В журнале «Север» (март 1892 г.) была хорошая рецензия о его первой книге «Стихотворения 1887-1891», изданной «Орловским Вестником».
Два статистика из харьковской земской управы вместе с Юлием Алексеевичем перекочевали в Полтаву, и как раз те, которых особенно любил младший Бунин. Один – Зверев, ставивший статистику выше всего на свете, крестьянского происхождения, веселый, с красивым лицом, очаровательно смеявшийся и говоривший на о. Фамилию другого я забыла. Это был высокий, бородатый, идеалистически настроенный человек, любивший поэзию, преклонявшийся перед поэтами, по натуре очень доверчивый, чем и пользовался младший Бунин, не знавший, куда девать свои неистощимые силы; иногда он и очень жестоко над ним подшучивал.
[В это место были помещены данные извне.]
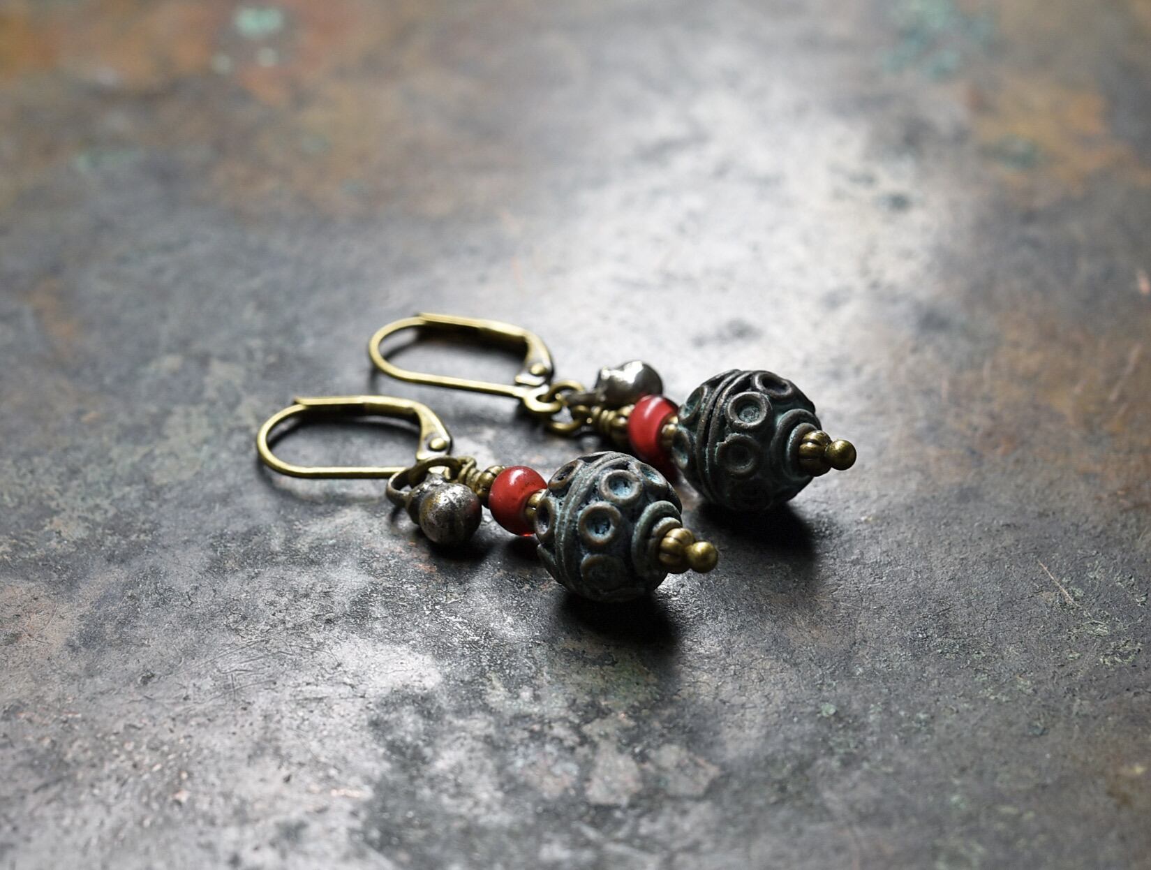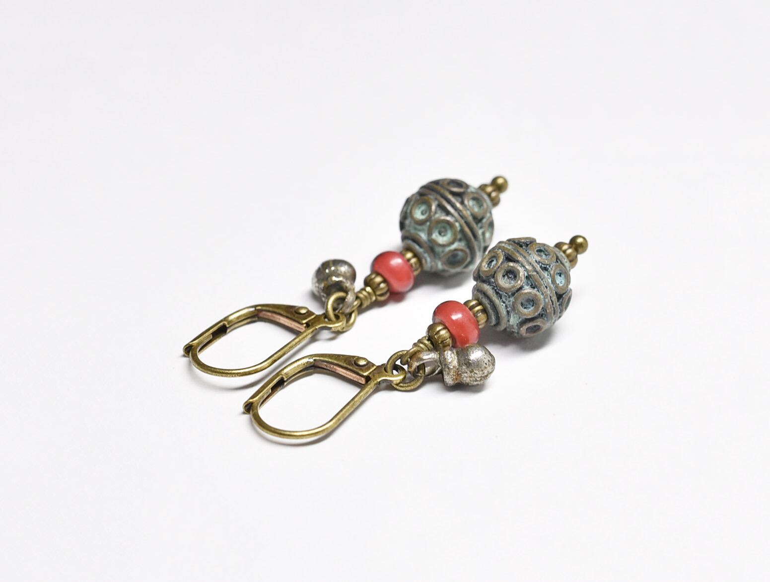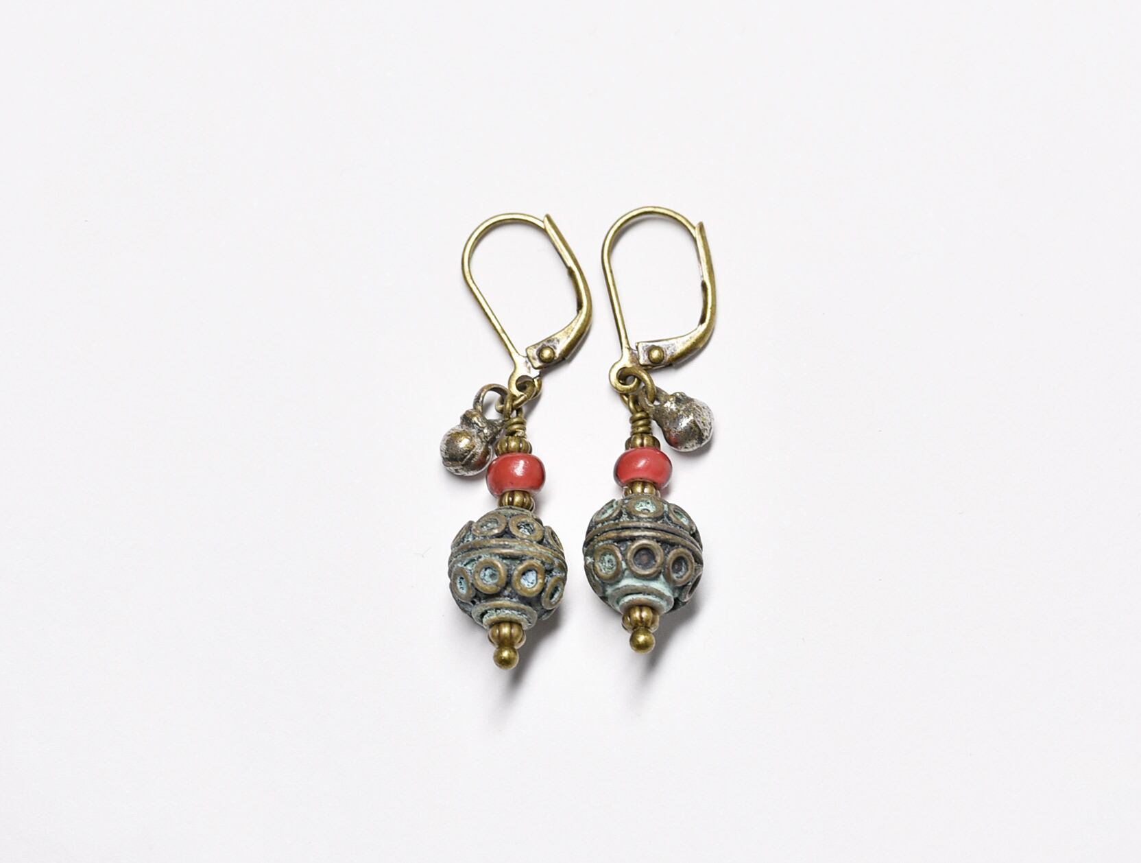 アフガニスタンメタルパーツと金赤ホワイトハーツ、民族鈴を繋いだピアスです。

Однажды он написал стихи под Пушкина и уверил его, что случайно наткнулся на них в каком-то старинном издании с подписью Пушкин. Идеалист, поверив, пришел в неописуемый восторг. И какое было для него огорчение, и какая обида, когда он узнал о мистификации! Иван Алексеевич признавался, что ему было очень жаль его и стыдно за свою легкомысленную проделку.
Приятен был секретарь управы: сутулый в золотых очках, сильный брюнет, обладавший изяществом, любивший высокий стиль; например, он называл монастырь вдали на холме «застывшим аккордом» и очень изысканно всегда разговаривал с Варварой Владимировной.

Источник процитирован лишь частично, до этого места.